▶ [Exercise brief]
Make an exact copy of the entries, and keep any pictures out of it.

▶ [Available data]
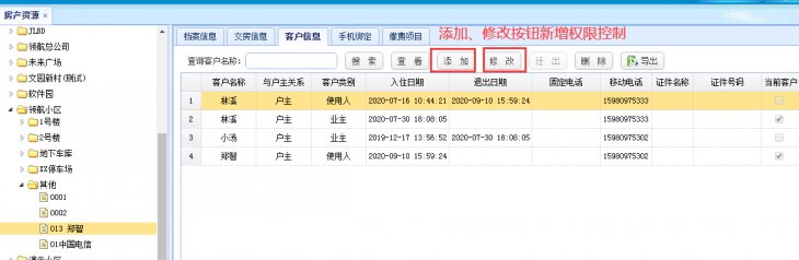 3、房产资源——客户信息——添加、修改功能-增加权限
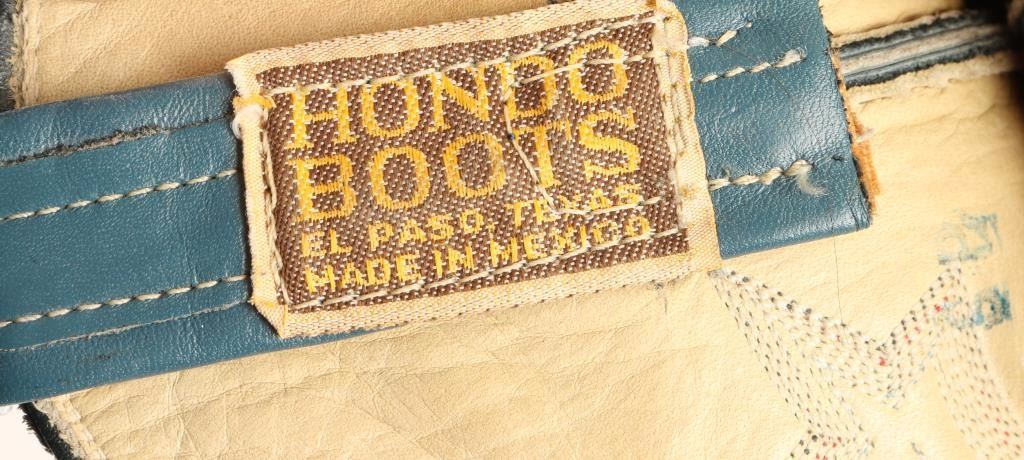 Blue Hondo boots with 14" shaft that has orange and yellow leaf pattern stitched on them. Size 6B, fair condition, damage to ends of toe and show wear.
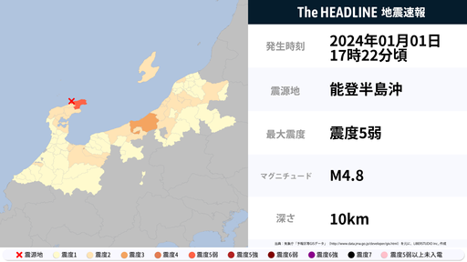 1月1日17時22分頃、石川県で最大震度5弱の地震を観測
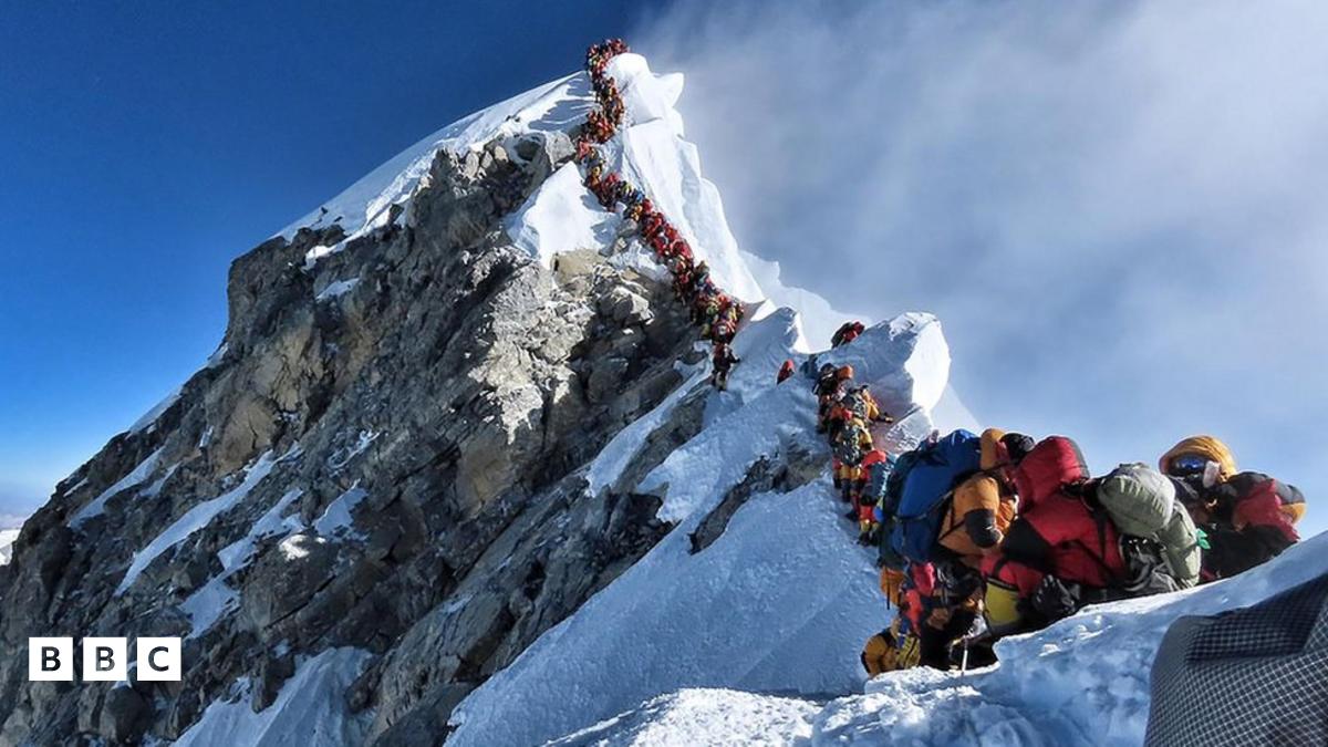 Have a look at this picture of climbers waiting their turn to reach the summit of the tallest mountain in the world, Mount Everest.
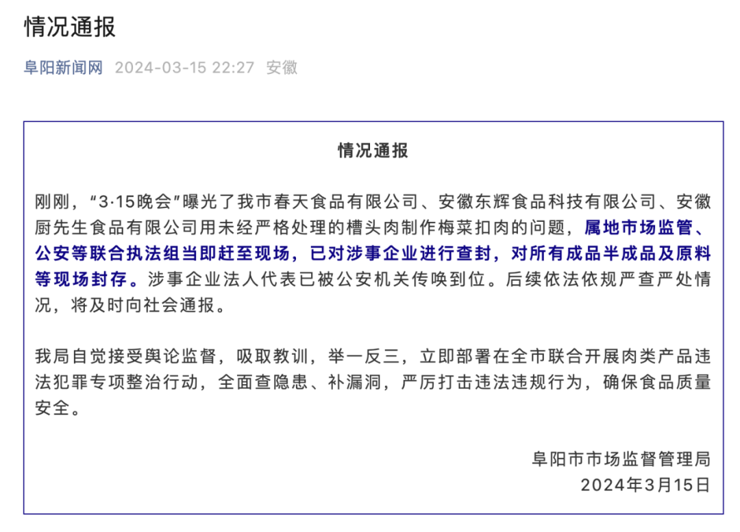 “3·15晚会”曝光了阜阳市春天食品有限公司、安徽东辉食品科技有限公司、安徽厨先生食品有限公司用未经严格处理的槽头肉制作梅菜扣肉的问题,属地市场监管、公安等联合执法组当即赶至现场,已对涉事企业进行查封,对所有成品半成品及原料等现场封存。涉事企业法人代表已被公安机关传唤到位。后续依法依规严查严处情况,将及时向社会通报。
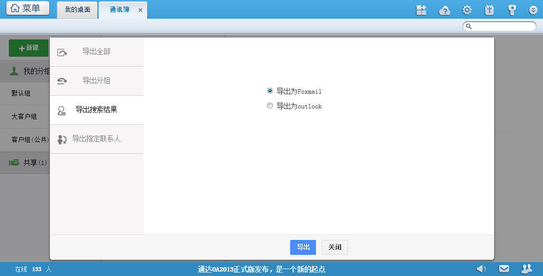 选择要导出的文件格式(文件格式支持:foxmail、outlook),点击导出即可
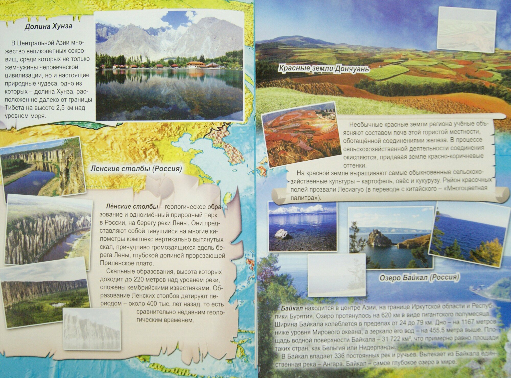 Страницы атласа сразу приковывают к себе внимание, благодаря красочным иллюстрациям и ярким фотографиям необычных мест планеты. Так и хочется перелистывать его снова и снова. Около каждой фотографии находится краткий, но содержательный и интересный рассказ об изображаемом месте. Даже взрослые могут открыть для себя много интересного. А наклейки с изображениями достопримечательностей еще сильнее привлекают внимание ребенка к этой книге. В целом очень понравилась вся серия таких атласов.
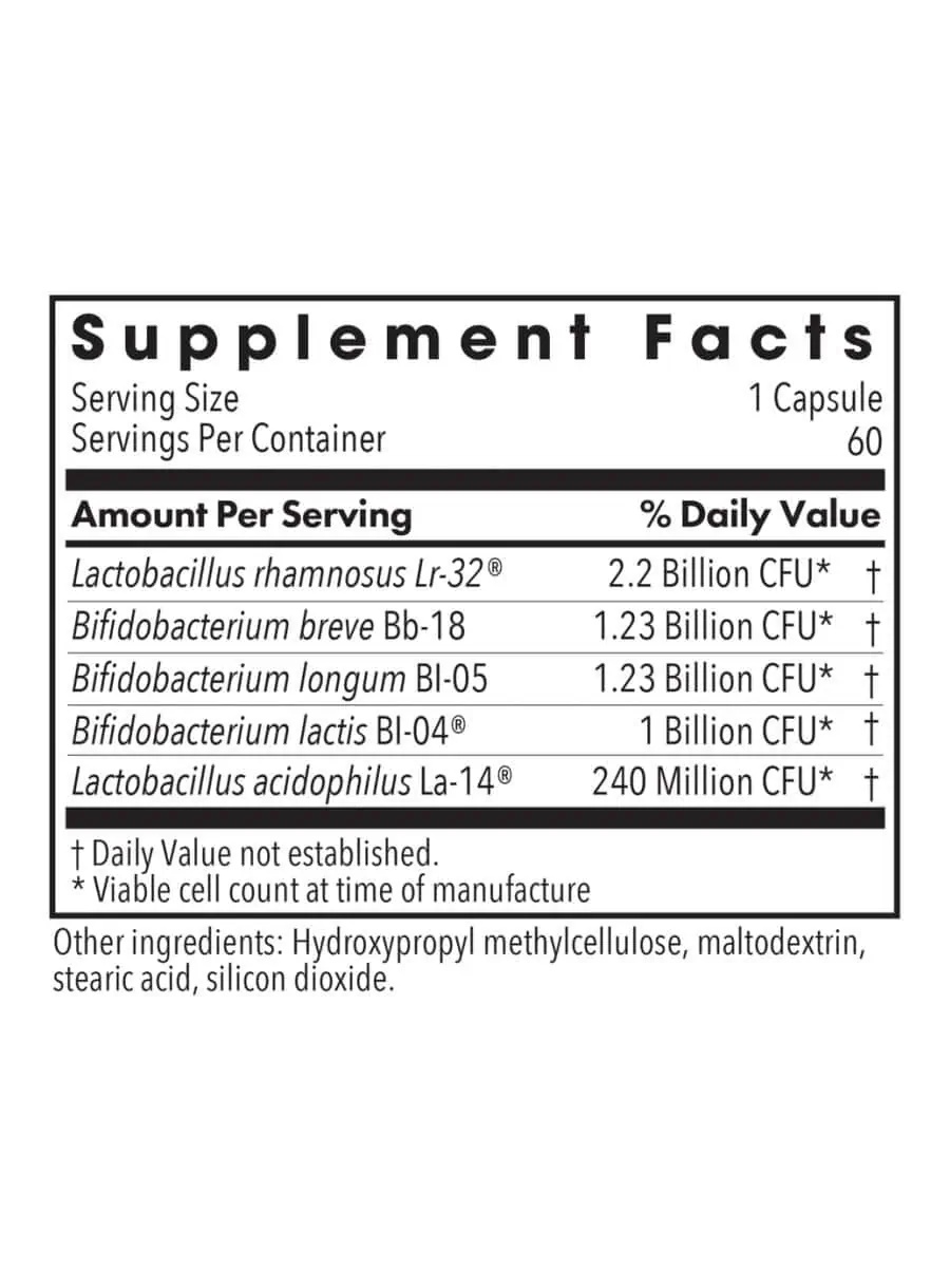 Bifido Biotics — This supplement features five strains of friendly bacteria designed to provide broad-range support for intestinal microbial balance, particularly in the small and large intestines. It supports the structure and functional integrity of the gut epithelial lining, may enhance immune response, and aids in the production of vitamins, enzymes, and organic acids while maintaining normal intestinal pH.

▶ [Exercise solution]
 3、房产资源——客户信息——添加、修改功能-增加权限
 Blue Hondo boots with 14" shaft that has orange and yellow leaf pattern stitched on them. Size 6B, fair condition, damage to ends of toe and show wear.
 1月1日17時22分頃、石川県で最大震度5弱の地震を観測
 Have a look at this picture of climbers waiting their turn to reach the summit of the tallest mountain in the world, Mount Everest.
 “3·15晚会”曝光了阜阳市春天食品有限公司、安徽东辉食品科技有限公司、安徽厨先生食品有限公司用未经严格处理的槽头肉制作梅菜扣肉的问题,属地市场监管、公安等联合执法组当即赶至现场,已对涉事企业进行查封,对所有成品半成品及原料等现场封存。涉事企业法人代表已被公安机关传唤到位。后续依法依规严查严处情况,将及时向社会通报。
 选择要导出的文件格式(文件格式支持:foxmail、outlook),点击导出即可
 Страницы атласа сразу приковывают к себе внимание, благодаря красочным иллюстрациям и ярким фотографиям необычных мест планеты. Так и хочется перелистывать его снова и снова. Около каждой фотографии находится краткий, но содержательный и интересный рассказ об изображаемом месте. Даже взрослые могут открыть для себя много интересного. А наклейки с изображениями достопримечательностей еще сильнее привлекают внимание ребенка к этой книге. В целом очень понравилась вся серия таких атласов.
 Bifido Biotics — This supplement features five strains of friendly bacteria designed to provide broad-range support for intestinal microbial balance, particularly in the small and large intestines. It supports the structure and functional integrity of the gut epithelial lining, may enhance immune response, and aids in the production of vitamins, enzymes, and organic acids while maintaining normal intestinal pH.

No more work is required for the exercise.